Назначение, впрочем, было совершенно закономерным. С самого начала 20-х годов Фридлянд преподавал, главным образом в ИКП, потом Университете им. Свердлова, готовившем кадры партийных и советских работников (предшественник ВПШ при ЦК КПСС, разместившейся на его месте, ранее здесь помещался университет Шанявского, теперь РГГУ). Здесь Фридлянд вел лекционные курсы, заведовал кафедрой истории Запада. Подобно Захеру, одновременно с преподаванием, создавал учебные пособия[111]. Преподавал Фридлянд и в МГУ.

В последние годы Фридлянд ясно сознавал, что его ждет трагическая судьба, о чем неоднократно говорил коллегам. И очень торопился закончить задуманное, прежде всего труд о Марате. Сблизился в это время с Карлом Радеком, с которым осуждали расправу над оппозиционерами и то, что руководство исторической наукой поручено ЦК чиновникам, ничего общего с ней не имеющим. И кстати диктаторство Покровского на «историческом фронте» объясняли покровительством Сталина[112].

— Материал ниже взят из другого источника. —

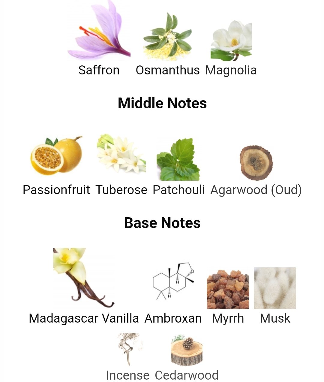 آمبروکسان ,چوب سدر ,مشک ,وانیل |
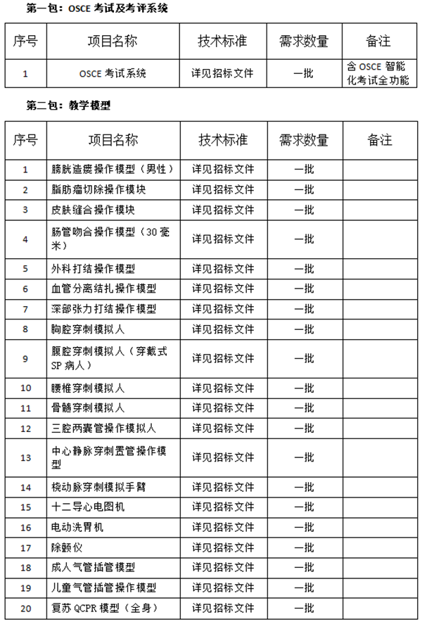 安徽医科大学临床医学院执业医师标准化OSCE考站 软件系统及教学模型设备采购项目招标公告

Накануне ареста, случившегося 31 мая 1936 г., по известному ритуалу тех времен Фридлянд был исключен из партии, причем на высшем уровне коллегией Комитета партийного контроля при ЦК ВКП(б), «за ведение контрреволюционной троцкистской работы», и следователь на первых допросах требовал от него передачи разговоров с Зиновьевым и Каменевым, с которыми он, будучи внештатным редактором издательства «Академия», главным редактором был Каменев, неоднократно встречался. Между тем по семейному преданию, которое поведал мне его младший сын Сергей Григорьевич Григорьев[113] (во время встречи у него на квартире в Петербурге в июне 2011 г.), непосредственным поводом оказался прощальный банкет, который Фридлянд устроил в своем кабинете и на котором провозглашались тосты во имя Бухарина.

Хотя главный обвинитель на политических процессах А.Я. Вышинский без промедления определил вину историка в убийстве Кирова и организации покушений на Сталина и его сподвижников, дело Фридлянда затянулось вплоть до погромного февральско-мартовского 1937 г. пленума ЦК ВКП(б), на котором жестокие обвинения были предъявлены уже Бухарину и его сподвижникам. Еще раньше судили Карла Радека, который в качестве одного из главных обвиняемых был привлечён к делу «Параллельного антисоветского троцкистского центра» (Второй Московский процесс)[114].

И по семейному преданию именно в это время Лион Фейхтвангер на встрече со Сталиным спросил про Фридлянда, которого он знал по встречам на международных исторических конгрессах. В то время в Москве издавался исторический роман Фейхтвангера «Еврей Зюсс», и Фридлянд написал к нему большое предисловие (к сожалению, я его не обнаружил). О том, что Сталин ответил на вопрос немецкого писателя-антифашиста, семейное предание умалчивает.

Расстрельный список был утвержден собственноручно Сталиным сотоварищи, и 7 марта 1937 г. решением закрытого заседания Военной коллегии Верховного Суда СССР под председательством В.В. Ульриха Фридлянд был приговорен к высшей мере. В ночь на 8 марта (1.30 мин.) расстрелян. По «высшему разряду» – в Донском монастыре, где и был захоронен. На инсценировке, продолжавшейся 25 минут, он, по свидетельству сына Фридлянда Феликса Светова, знакомившегося с судебными материалами, заявил, что жить «с клеймом изменника, предателя и террориста» не хочет[115].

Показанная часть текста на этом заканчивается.